Fiscal by money printing

This is the policy being globally followed to help recover from the Corona pandemic. As money is an external vehicle, the increase in budget deficit can be maintained/financed through money printing without any corresponding increase in net savings and BOP current account deficit. Therefore, this will cause imbalances in the economy, i.e., demand greater than supply, causing inflationary pressures until the production capacity and GDP recover to pre-pandemic level over time. Until such time, imports have to increase over time causing the BOP current account deficit to rise. If imports are controlled, prices of domestic goods and services will rise.

Import controls and increase in domestic prices will reduce the exports and raise the BOP current account deficit. Rising inflationary pressures would cause the momentary policy tightening sooner or later which will reduce private sector investments and encourage savings at higher interest rates. This will cause net savings to rise. Therefore, net savings and BOP current account deficit will rise to match the increased budget deficit over time causing instabilities in the economy.

The lesson to learn

Markets have evolved through a long history of human development to modern monetary economies operating with high frequency of information. Therefore, Government interventions will be significant noises to markets. Markets are in constant discovery of prices through market forces and will adjust to all noises and shocks quickly or with a time lag. Such adjustments will take place through changes in the demand side or supply side or both.

For example the Corona pandemic has caused a historic shock to the supply side or disruptions of global supply chains. State policy interventions (i.e., fiscal stimulus, ultra-loose monetary policy and pandemic control measures) taken in response have been causing significant shocks to the demand side first (rise in the post-pandemic demand) which will help recover the supply side over time.

Therefore, these policy interventions must be reversed gradually when instabilities in markets start fading. Otherwise, the cost of heavily controlled market mechanism by way of side effects to the demand side and supply side and sectoral balances of the economy and resulting long-term instabilities such as bubbles, market manipulations, bureaucratic irregularities, rising income/wealth inequalities and decline in productivity.

Line bureaucracies normally tend to implement interventions to the letter and sprint, subject to resources available to them, without constant assessment on the level of their objectives and their side effects. Their general tendency is to keep those interventions/regulations for a long time whether they are relevant or not for new conditions as they love them.

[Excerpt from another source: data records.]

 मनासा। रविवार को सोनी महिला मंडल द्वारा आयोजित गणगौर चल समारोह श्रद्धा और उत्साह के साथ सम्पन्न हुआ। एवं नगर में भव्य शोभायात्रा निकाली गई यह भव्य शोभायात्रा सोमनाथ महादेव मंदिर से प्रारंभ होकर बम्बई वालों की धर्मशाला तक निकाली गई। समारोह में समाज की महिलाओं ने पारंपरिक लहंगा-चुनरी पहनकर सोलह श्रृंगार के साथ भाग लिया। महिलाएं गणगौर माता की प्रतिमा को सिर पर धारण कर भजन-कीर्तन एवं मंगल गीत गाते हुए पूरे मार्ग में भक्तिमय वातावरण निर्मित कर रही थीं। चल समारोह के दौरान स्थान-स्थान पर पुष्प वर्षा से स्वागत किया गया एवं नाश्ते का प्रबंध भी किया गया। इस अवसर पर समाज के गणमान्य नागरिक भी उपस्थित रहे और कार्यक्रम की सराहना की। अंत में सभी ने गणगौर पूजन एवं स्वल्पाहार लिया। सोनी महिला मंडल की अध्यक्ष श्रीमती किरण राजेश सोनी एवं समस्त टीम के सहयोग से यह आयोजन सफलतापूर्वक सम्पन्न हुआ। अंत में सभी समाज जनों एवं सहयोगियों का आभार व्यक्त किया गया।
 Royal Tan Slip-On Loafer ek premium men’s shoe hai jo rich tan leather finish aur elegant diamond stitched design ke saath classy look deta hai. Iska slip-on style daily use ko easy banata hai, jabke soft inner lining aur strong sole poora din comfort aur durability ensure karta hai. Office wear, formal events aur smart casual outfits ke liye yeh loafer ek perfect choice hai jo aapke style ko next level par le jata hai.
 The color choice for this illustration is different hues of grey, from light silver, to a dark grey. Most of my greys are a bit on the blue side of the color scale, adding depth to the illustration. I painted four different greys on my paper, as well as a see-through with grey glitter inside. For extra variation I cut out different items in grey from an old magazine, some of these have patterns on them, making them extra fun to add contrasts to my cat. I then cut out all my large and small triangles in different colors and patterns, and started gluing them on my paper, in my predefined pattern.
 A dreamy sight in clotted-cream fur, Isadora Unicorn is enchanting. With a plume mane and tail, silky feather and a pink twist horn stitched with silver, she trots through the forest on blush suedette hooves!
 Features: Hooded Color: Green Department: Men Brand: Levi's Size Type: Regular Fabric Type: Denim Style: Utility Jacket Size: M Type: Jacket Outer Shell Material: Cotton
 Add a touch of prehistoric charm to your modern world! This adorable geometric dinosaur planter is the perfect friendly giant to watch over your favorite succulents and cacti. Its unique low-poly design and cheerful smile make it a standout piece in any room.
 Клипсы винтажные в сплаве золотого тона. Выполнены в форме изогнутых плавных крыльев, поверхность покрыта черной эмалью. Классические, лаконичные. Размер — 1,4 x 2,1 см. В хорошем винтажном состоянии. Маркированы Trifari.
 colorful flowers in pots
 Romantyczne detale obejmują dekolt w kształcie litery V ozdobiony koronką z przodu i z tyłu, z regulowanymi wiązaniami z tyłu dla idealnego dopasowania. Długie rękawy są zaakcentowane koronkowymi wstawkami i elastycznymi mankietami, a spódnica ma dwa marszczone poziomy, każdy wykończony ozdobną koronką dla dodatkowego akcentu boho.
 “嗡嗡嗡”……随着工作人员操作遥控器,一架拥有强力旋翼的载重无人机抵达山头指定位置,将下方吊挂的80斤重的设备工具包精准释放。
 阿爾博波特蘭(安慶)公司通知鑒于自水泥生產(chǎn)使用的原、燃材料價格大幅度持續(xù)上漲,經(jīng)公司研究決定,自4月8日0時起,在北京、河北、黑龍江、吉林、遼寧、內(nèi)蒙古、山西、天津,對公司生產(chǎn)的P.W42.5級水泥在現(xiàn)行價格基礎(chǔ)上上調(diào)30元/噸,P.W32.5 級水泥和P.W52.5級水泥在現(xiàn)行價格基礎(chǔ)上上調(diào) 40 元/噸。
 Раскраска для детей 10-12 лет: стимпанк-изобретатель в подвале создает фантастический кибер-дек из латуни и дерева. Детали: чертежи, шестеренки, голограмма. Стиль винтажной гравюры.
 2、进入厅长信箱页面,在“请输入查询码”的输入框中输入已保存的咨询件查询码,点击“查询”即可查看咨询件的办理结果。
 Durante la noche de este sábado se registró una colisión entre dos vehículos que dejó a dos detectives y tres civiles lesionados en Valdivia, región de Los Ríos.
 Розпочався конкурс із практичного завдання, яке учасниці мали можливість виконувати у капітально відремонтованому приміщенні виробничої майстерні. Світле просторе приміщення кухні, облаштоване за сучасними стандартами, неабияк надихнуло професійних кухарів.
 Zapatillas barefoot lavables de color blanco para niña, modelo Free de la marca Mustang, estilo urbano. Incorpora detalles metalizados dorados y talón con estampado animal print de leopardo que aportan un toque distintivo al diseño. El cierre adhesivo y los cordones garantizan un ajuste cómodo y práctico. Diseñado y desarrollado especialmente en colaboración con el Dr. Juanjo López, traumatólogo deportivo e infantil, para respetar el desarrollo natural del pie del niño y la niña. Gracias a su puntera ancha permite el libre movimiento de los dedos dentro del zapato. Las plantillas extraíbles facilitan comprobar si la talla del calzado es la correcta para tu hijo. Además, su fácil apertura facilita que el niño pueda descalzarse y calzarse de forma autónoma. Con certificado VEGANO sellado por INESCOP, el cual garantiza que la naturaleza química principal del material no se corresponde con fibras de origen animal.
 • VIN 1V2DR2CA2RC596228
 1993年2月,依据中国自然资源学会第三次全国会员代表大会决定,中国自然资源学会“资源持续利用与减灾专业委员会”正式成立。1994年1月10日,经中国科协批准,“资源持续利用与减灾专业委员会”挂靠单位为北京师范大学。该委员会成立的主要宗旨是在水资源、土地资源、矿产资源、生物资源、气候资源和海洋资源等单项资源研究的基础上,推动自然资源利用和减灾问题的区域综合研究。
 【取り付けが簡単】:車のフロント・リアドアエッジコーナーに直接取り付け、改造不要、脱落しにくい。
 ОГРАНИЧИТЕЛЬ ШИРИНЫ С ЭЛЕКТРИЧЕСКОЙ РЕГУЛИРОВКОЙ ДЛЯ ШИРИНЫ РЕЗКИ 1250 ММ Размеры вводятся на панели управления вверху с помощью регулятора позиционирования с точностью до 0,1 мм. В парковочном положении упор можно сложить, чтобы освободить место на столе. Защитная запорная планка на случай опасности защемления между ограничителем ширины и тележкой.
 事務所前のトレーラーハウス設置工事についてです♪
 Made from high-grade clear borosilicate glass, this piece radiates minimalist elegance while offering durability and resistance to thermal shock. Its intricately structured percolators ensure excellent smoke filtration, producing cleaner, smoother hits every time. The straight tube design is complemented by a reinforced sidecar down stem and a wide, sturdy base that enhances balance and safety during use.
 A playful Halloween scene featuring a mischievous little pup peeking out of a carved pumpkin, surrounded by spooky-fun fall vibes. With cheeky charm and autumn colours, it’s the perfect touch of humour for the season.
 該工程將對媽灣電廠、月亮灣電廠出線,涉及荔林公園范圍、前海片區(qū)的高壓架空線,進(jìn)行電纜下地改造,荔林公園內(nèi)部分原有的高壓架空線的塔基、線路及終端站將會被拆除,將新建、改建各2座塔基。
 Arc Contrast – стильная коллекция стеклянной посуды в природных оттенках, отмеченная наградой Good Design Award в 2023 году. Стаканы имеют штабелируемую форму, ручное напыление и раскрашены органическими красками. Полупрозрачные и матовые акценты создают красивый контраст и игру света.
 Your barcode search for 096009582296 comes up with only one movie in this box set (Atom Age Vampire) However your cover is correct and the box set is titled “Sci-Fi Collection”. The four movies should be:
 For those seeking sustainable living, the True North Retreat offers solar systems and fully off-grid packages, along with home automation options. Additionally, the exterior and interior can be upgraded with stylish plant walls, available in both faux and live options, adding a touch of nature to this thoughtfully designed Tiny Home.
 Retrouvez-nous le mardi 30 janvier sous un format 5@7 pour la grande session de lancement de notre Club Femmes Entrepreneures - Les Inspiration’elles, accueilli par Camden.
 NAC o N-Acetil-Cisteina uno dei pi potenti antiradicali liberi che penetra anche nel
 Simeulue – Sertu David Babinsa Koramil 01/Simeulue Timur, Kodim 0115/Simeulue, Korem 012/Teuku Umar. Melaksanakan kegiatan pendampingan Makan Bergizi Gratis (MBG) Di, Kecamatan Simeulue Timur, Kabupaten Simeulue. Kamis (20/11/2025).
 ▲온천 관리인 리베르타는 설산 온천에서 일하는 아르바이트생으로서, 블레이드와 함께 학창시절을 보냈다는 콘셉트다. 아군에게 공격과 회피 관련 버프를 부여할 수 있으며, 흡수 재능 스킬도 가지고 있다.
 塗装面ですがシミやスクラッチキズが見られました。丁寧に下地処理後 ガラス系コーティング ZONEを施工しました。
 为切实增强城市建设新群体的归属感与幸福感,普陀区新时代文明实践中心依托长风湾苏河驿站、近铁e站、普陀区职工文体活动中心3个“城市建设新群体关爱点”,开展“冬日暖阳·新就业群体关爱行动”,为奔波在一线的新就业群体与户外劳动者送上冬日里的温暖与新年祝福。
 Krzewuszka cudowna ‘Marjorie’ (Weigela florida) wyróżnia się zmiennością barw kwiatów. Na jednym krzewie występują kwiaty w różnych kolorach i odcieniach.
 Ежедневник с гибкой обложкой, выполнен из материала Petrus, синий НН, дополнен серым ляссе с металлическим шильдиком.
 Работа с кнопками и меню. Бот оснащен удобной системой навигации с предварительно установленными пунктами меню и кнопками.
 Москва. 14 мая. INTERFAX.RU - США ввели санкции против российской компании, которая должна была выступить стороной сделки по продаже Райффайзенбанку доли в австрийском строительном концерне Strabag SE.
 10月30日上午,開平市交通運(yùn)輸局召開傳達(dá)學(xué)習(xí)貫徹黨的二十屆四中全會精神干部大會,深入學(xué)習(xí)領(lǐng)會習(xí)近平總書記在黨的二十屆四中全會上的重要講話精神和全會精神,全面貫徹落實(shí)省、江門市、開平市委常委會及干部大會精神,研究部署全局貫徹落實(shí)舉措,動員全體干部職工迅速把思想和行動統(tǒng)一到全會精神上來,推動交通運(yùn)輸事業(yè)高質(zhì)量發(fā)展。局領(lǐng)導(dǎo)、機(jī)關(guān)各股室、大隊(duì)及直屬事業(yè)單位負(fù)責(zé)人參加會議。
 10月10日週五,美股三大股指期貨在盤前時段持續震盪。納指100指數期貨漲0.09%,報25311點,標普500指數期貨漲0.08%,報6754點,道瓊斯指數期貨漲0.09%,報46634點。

Therefore, the lack of fine tuning of interventions to suit new conditions causes significant distortions to markets, their forces and the operating mechanism of the economy which will finally be reflected in prices and real income level that are the core of living standards. This is the first-round impact of state intervention on the general public.

Finally, riffle effects of all interventions in aggregate will eventually end up in the budget deficit and public debt. This is the second-round impact on the public. Therefore, the size and the trend in the budget deficit and accompanying sectoral imbalances (net private savings and BOP current account deficit) are the best indicators of the extent of the state interventions in the economy.

In contrast, relevant bureaucracy lines state that interventions are to balance the markets and the economy due to external shocks as they do not understand drastic shocks and imbalances they create through interventions without allowing the markets to sort out initial imbalances through the normal market mechanism.

(This article provides some thoughts of the author based on his hands-on experience in public service and economic analyses.)